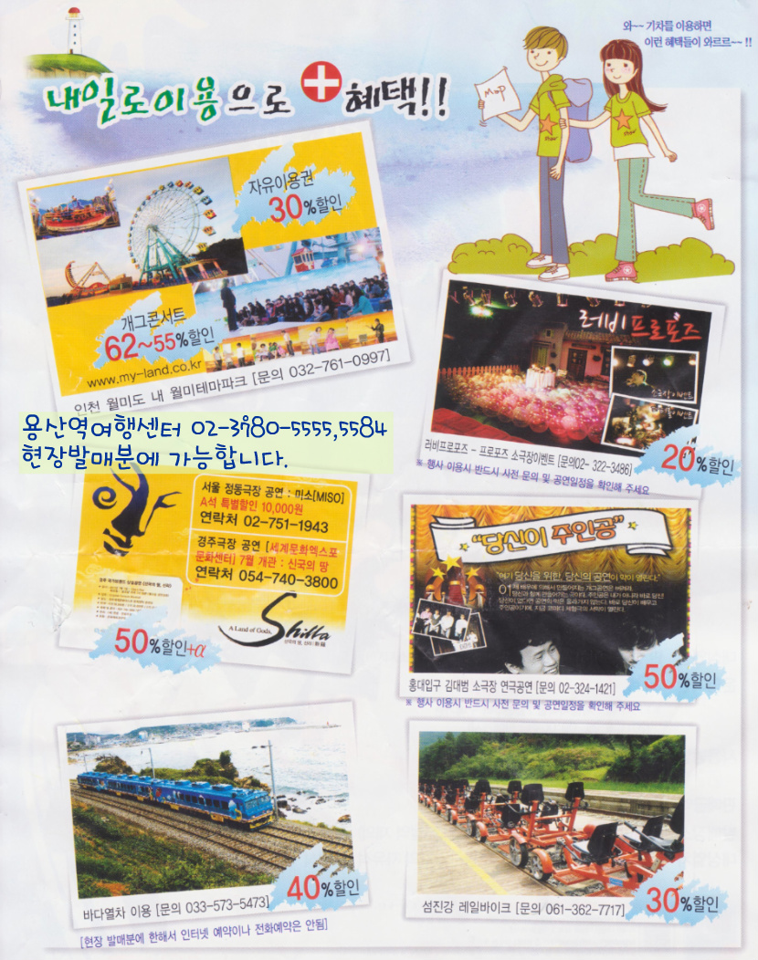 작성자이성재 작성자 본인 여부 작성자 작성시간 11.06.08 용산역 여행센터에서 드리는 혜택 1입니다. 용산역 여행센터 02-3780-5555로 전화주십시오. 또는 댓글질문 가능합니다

---

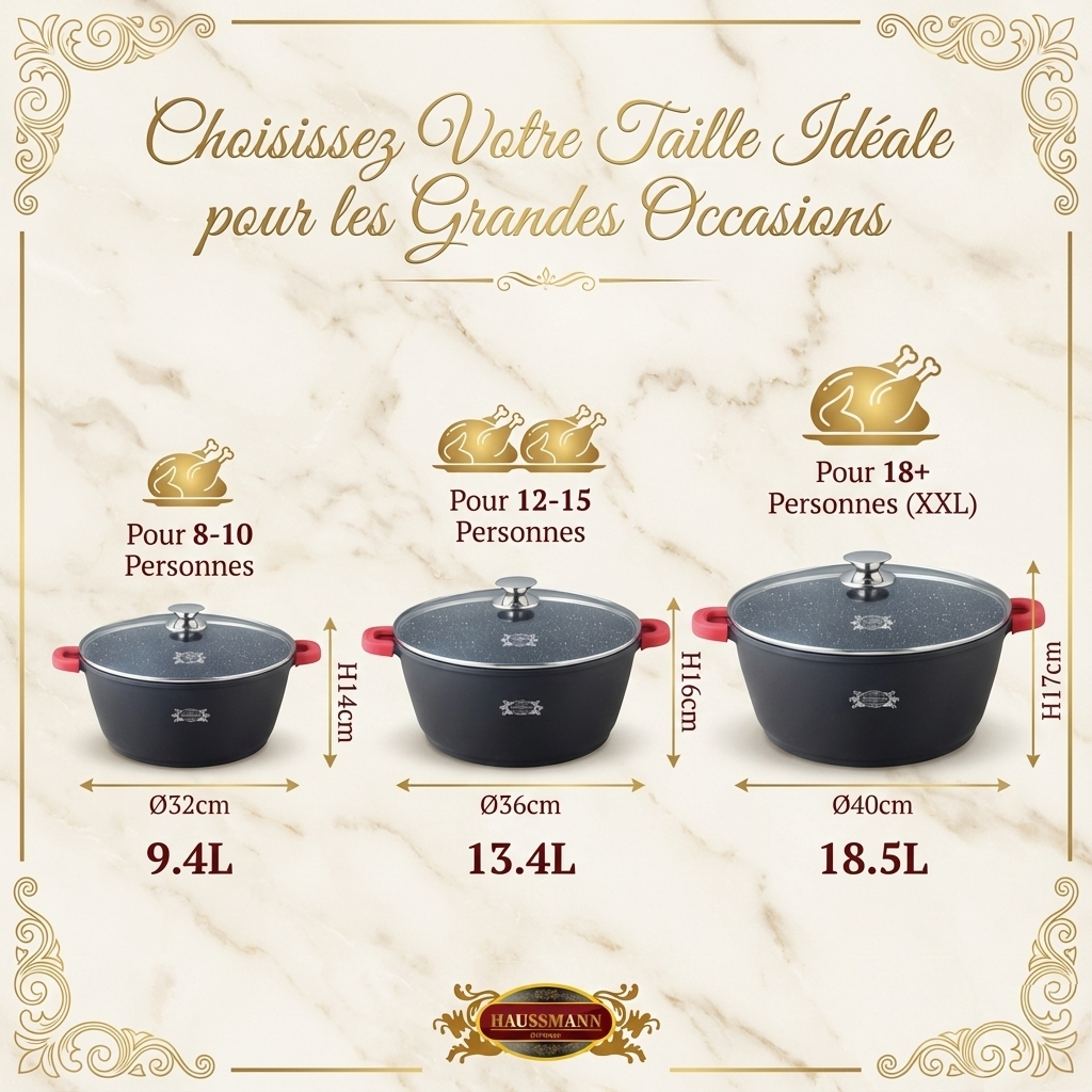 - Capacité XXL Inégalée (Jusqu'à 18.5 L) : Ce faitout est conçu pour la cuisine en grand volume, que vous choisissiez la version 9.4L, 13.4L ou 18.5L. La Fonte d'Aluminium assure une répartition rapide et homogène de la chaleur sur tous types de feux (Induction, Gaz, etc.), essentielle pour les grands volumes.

---

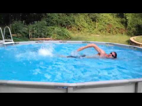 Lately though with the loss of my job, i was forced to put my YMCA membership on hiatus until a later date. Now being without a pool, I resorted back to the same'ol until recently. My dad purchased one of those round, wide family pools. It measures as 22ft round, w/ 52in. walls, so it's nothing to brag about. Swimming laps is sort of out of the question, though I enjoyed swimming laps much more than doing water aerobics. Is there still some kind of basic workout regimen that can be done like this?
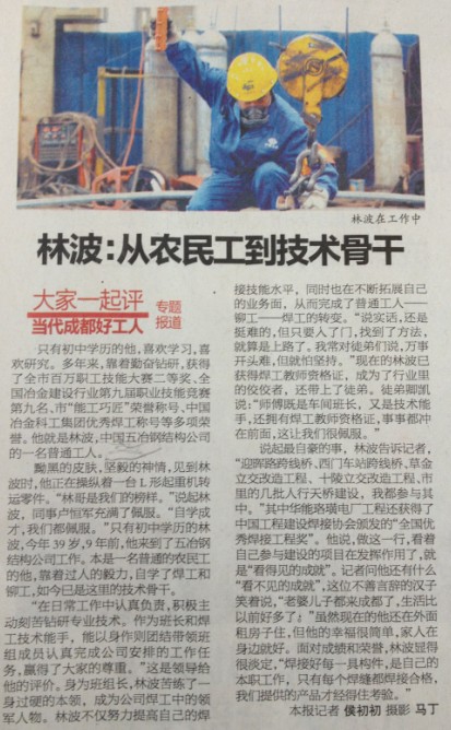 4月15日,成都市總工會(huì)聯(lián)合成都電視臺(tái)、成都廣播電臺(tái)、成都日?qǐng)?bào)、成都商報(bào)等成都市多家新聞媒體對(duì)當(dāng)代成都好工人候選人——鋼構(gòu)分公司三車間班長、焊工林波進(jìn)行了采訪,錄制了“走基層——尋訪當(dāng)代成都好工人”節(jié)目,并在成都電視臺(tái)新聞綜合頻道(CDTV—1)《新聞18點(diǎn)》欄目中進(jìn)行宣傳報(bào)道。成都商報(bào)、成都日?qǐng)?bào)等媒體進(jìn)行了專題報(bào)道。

WORK INSTRUCTION | Skipping the pictures, print the lines in the listing above exactly as written, starting at the line with "Lately though with" and ending at the line with "4月15日,成都市總工會(h", both included.

OUTPUT BELOW |
 Lately though with the loss of my job, i was forced to put my YMCA membership on hiatus until a later date. Now being without a pool, I resorted back to the same'ol until recently. My dad purchased one of those round, wide family pools. It measures as 22ft round, w/ 52in. walls, so it's nothing to brag about. Swimming laps is sort of out of the question, though I enjoyed swimming laps much more than doing water aerobics. Is there still some kind of basic workout regimen that can be done like this?
 4月15日,成都市總工會(huì)聯(lián)合成都電視臺(tái)、成都廣播電臺(tái)、成都日?qǐng)?bào)、成都商報(bào)等成都市多家新聞媒體對(duì)當(dāng)代成都好工人候選人——鋼構(gòu)分公司三車間班長、焊工林波進(jìn)行了采訪,錄制了“走基層——尋訪當(dāng)代成都好工人”節(jié)目,并在成都電視臺(tái)新聞綜合頻道(CDTV—1)《新聞18點(diǎn)》欄目中進(jìn)行宣傳報(bào)道。成都商報(bào)、成都日?qǐng)?bào)等媒體進(jìn)行了專題報(bào)道。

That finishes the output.